Task requirements: All of the data below should come back exactly as written, minus its images.

Recorded data:

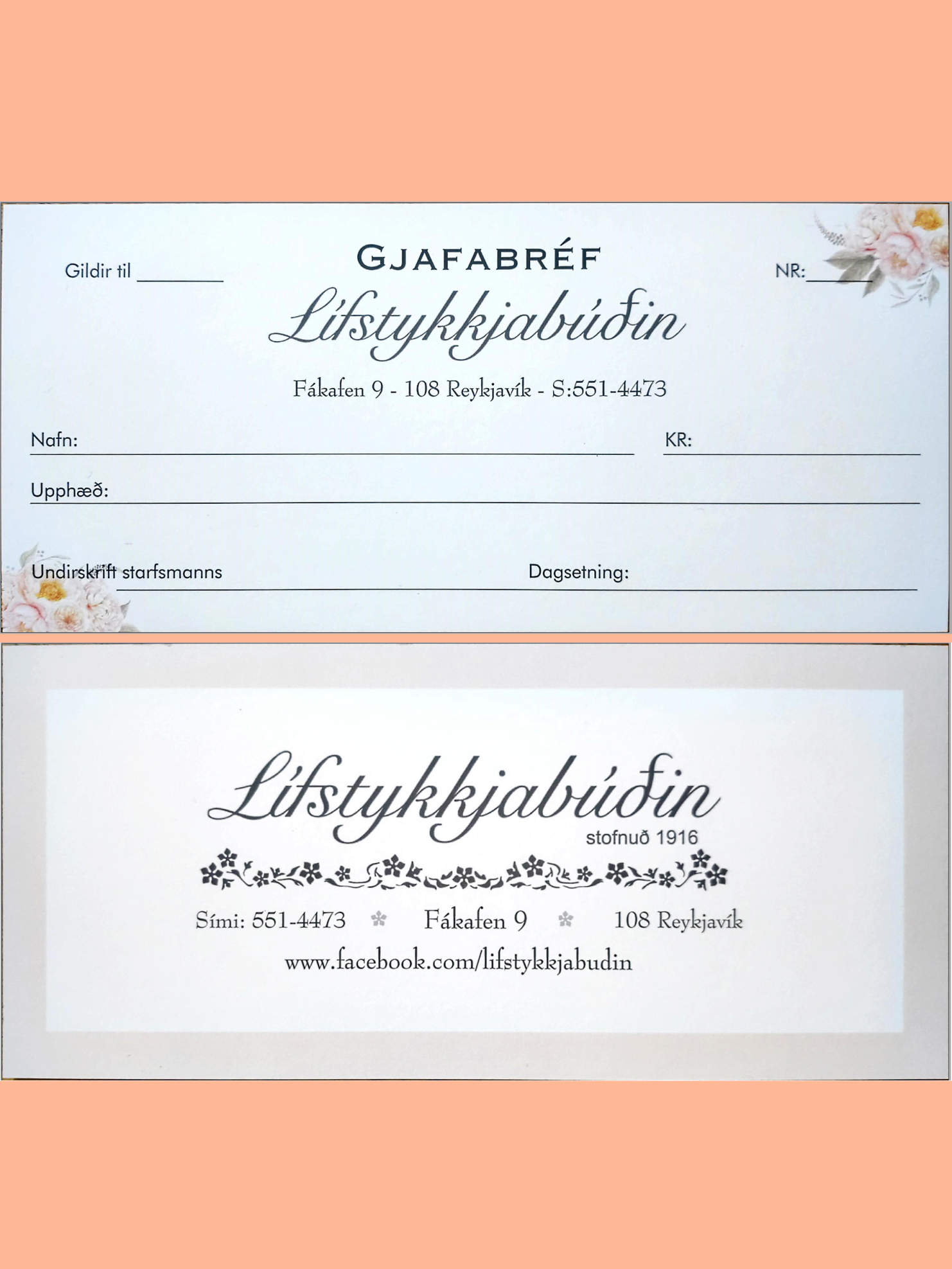 Gjafabréf Lífstykkjabúðarinnar er góð gjöf sem gleður. Gjafabréfið kemur á fallegum pappír og umslagi.
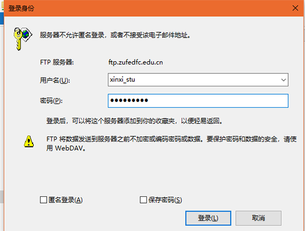 1、在浏览器地址栏输入:ftp://ftp.zufedfc.edu.cn
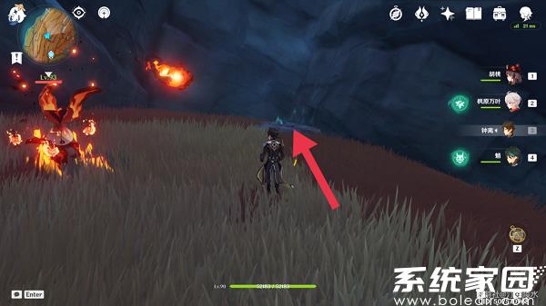 路上有两个丘丘人,尽头还有个伪装成甜甜花的骗骗花,再从这里上去
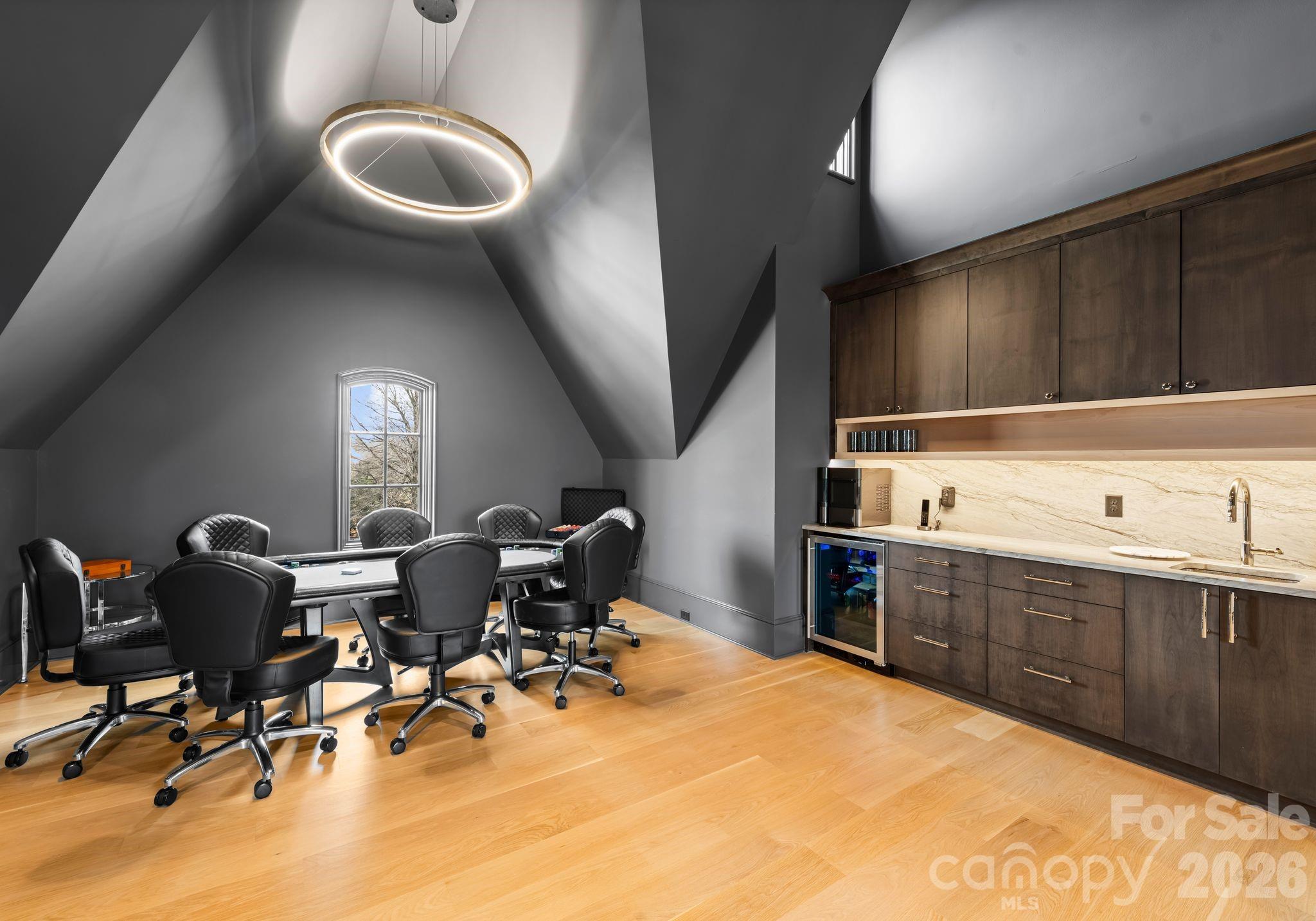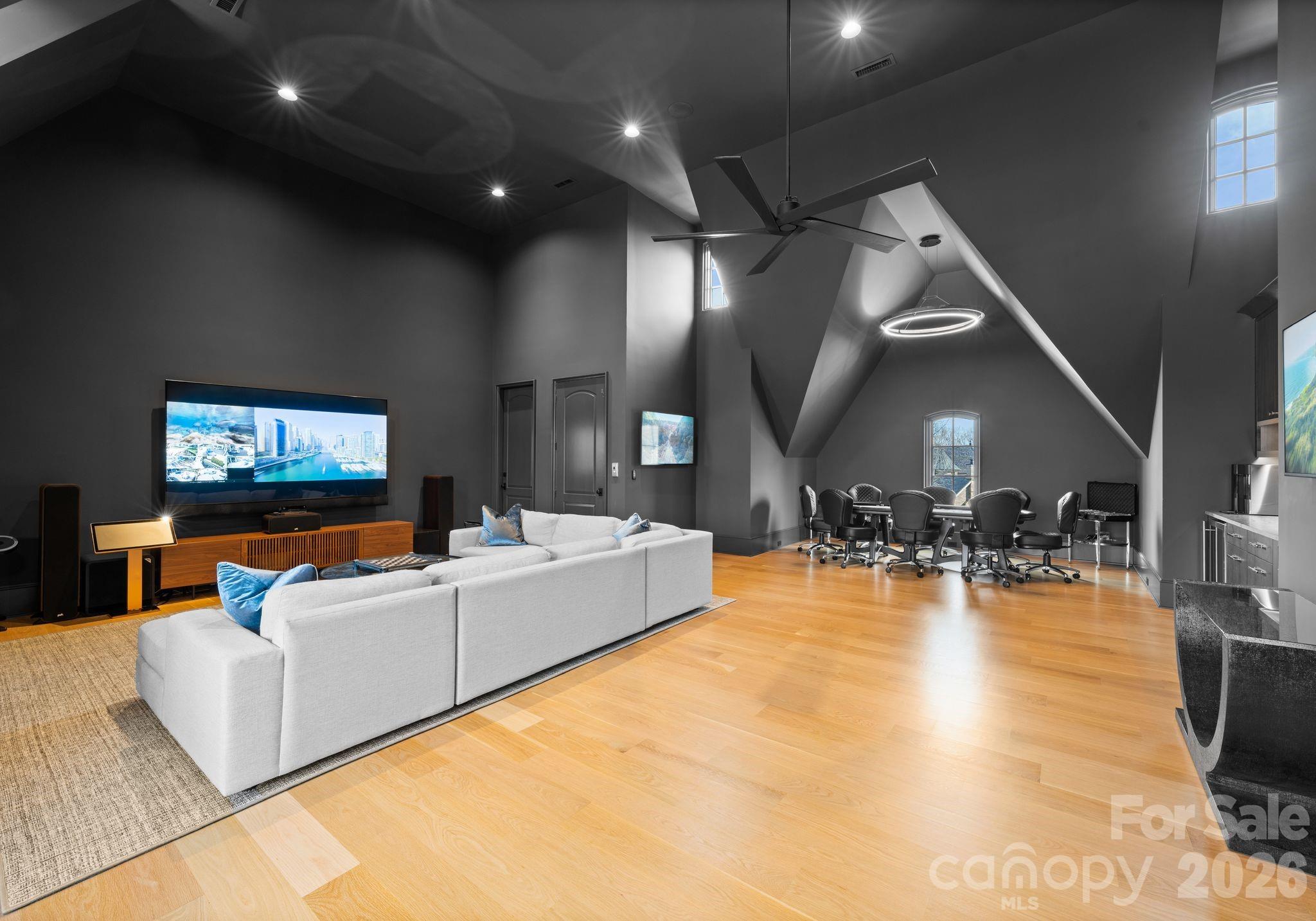 Upstairs, the second level includes four spacious ensuite bedrooms (one is currently being used as a fitness space), a loft, media lounge with bar, secondary laundry room, and office. The third floor presents a versatile game room or flex space, complete with a moody full bath that is ideal for entertaining or a private escape.

Solution below:
 Gjafabréf Lífstykkjabúðarinnar er góð gjöf sem gleður. Gjafabréfið kemur á fallegum pappír og umslagi.
 1、在浏览器地址栏输入:ftp://ftp.zufedfc.edu.cn
 路上有两个丘丘人,尽头还有个伪装成甜甜花的骗骗花,再从这里上去
 Upstairs, the second level includes four spacious ensuite bedrooms (one is currently being used as a fitness space), a loft, media lounge with bar, secondary laundry room, and office. The third floor presents a versatile game room or flex space, complete with a moody full bath that is ideal for entertaining or a private escape.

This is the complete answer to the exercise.